Scientists at MIT have pioneered a groundbreaking artificial intelligence system that dramatically enhances our ability to visualize complex protein structures in their various forms. This innovative technology addresses a significant limitation in cryo-electron microscopy (cryo-EM), which traditionally excels at capturing proteins existing in only one conformational state.
Unlike conventional computational approaches that attempt to predict protein configurations solely from sequence data, this advanced machine learning algorithm works synergistically with cryo-EM technology. The process generates hundreds of thousands of two-dimensional images of protein specimens preserved in ice, which are then computationally reconstructed into three-dimensional representations.
Published in the prestigious journal Nature Methods, this novel AI-powered software represents a significant breakthrough in structural biology. The research team introduced an innovative neural network architecture that efficiently generates comprehensive structural ensembles within a single computational model, overcoming previous limitations in representing multiple protein configurations.
"The remarkable representational capabilities of neural networks enable us to extract crucial structural information from noisy imaging data and visualize intricate molecular movements with unprecedented clarity," explains Ellen Zhong, the MIT graduate student who spearheaded this research initiative.
Using their sophisticated software, the research team successfully identified dynamic protein movements from imaging datasets that had previously revealed only static three-dimensional structures. They particularly visualized extensive flexible motions within the spliceosome—a critical protein complex that coordinates RNA splicing processes.
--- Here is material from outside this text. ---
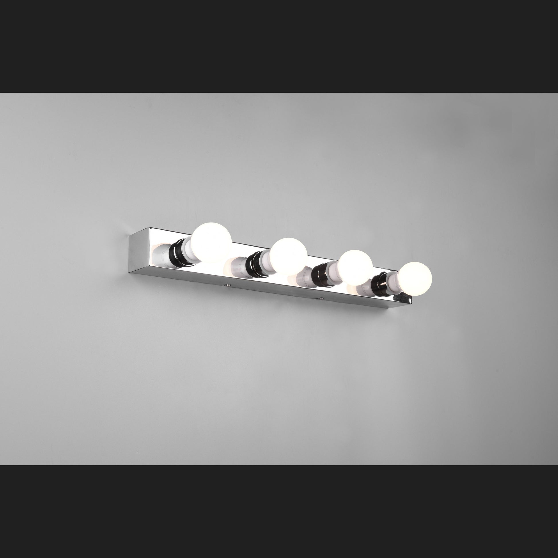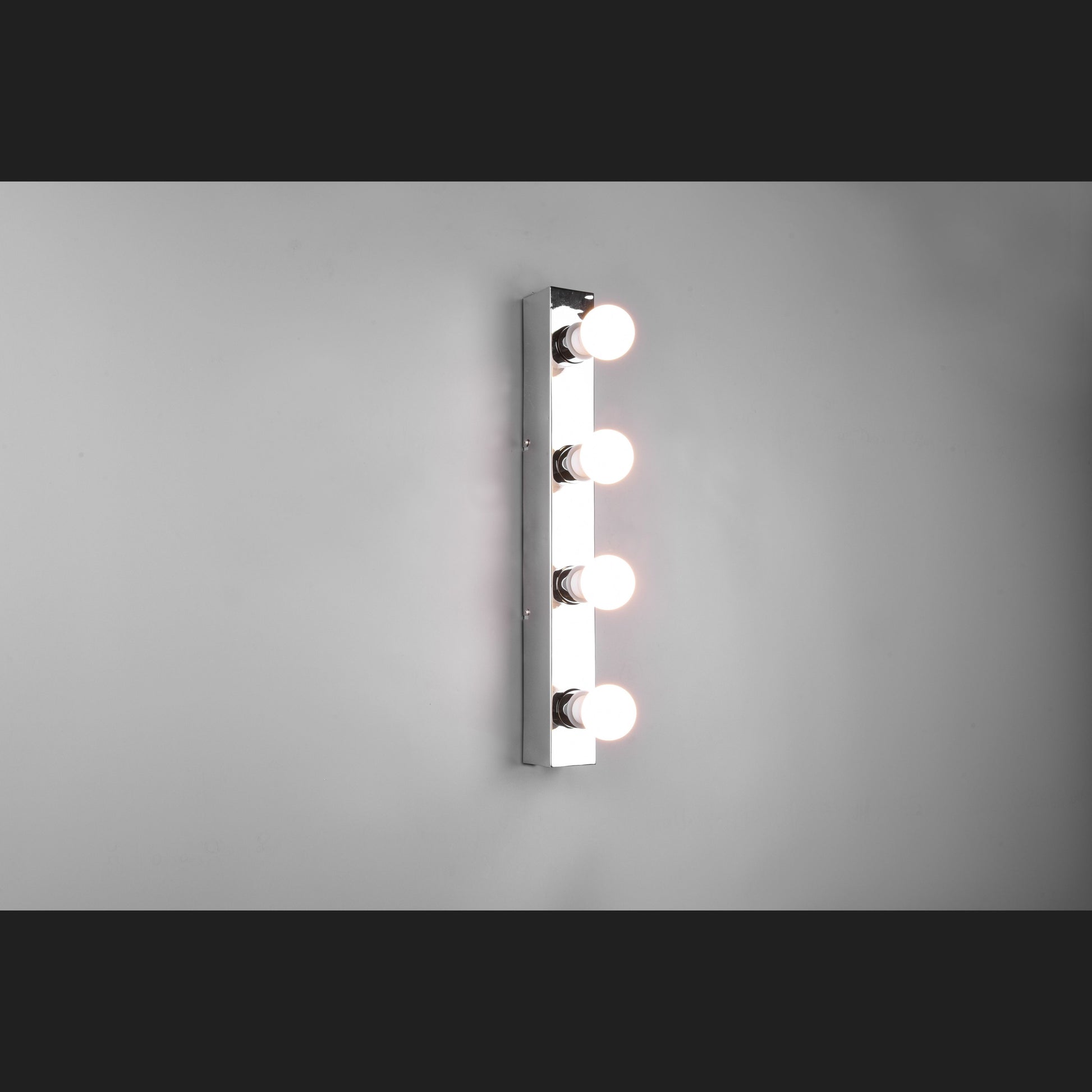 With its vintage design, the THEATRO retro wall light creates a very special atmosphere and lets you immerse yourself in the world of Hollywood. Feel like a star and place the light above your bathroom mirror. Thanks to the IP44 classification, the wall light is protected against splashing water and is particularly suitable for film-ready lighting conditions in damp rooms. Thanks to the simple chrome colour scheme, the light harmonises perfectly with modern furnishing concepts and can be easily combined with other colours and furnishing styles. For energy-saving lighting, it is recommended to use an LED illuminant. These are an optimal alternative to conventional halogen lamps and stand for a high quality of light and energy savings of up to 80%. In addition, LED lamps help you benefit from a long service life, low heat generation and at the same time protect the environment.

"Our objective was to leverage machine learning methodologies to more effectively capture underlying structural diversity, enabling us to examine the range of conformational states present in biological samples," notes Joseph Davis, Whitehead Career Development Assistant Professor in MIT's Department of Biology.
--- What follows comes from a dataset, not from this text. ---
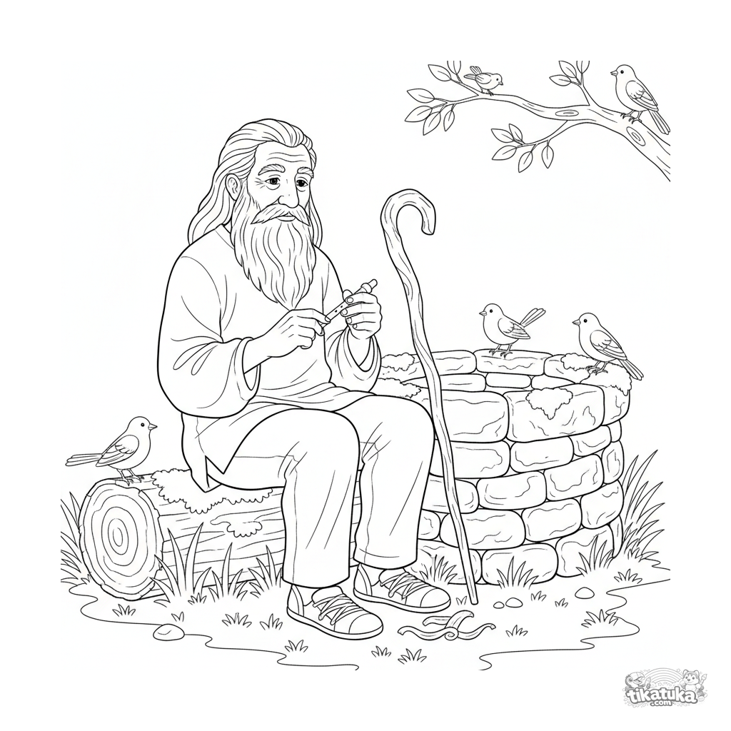 Detailed coloring page for ages 10-12: a wise elder rests by the well of living water, whittling a whistle. Intricate line work, realistic forms.

Davis collaborated with Bonnie Berger, the Simons Professor of Mathematics at MIT and head of the Computation and Biology group at the Computer Science and Artificial Intelligence Laboratory, with MIT postdoc Tristan Bepler also contributing to this groundbreaking study.
Mapping Complex Assembly Processes
The researchers demonstrated their approach's remarkable capabilities by analyzing structures formed during ribosome assembly—the cellular organelles responsible for translating messenger RNA into functional proteins. Ribosomes consist of two major subunits, each containing numerous proteins assembled through a sophisticated multi-stage process.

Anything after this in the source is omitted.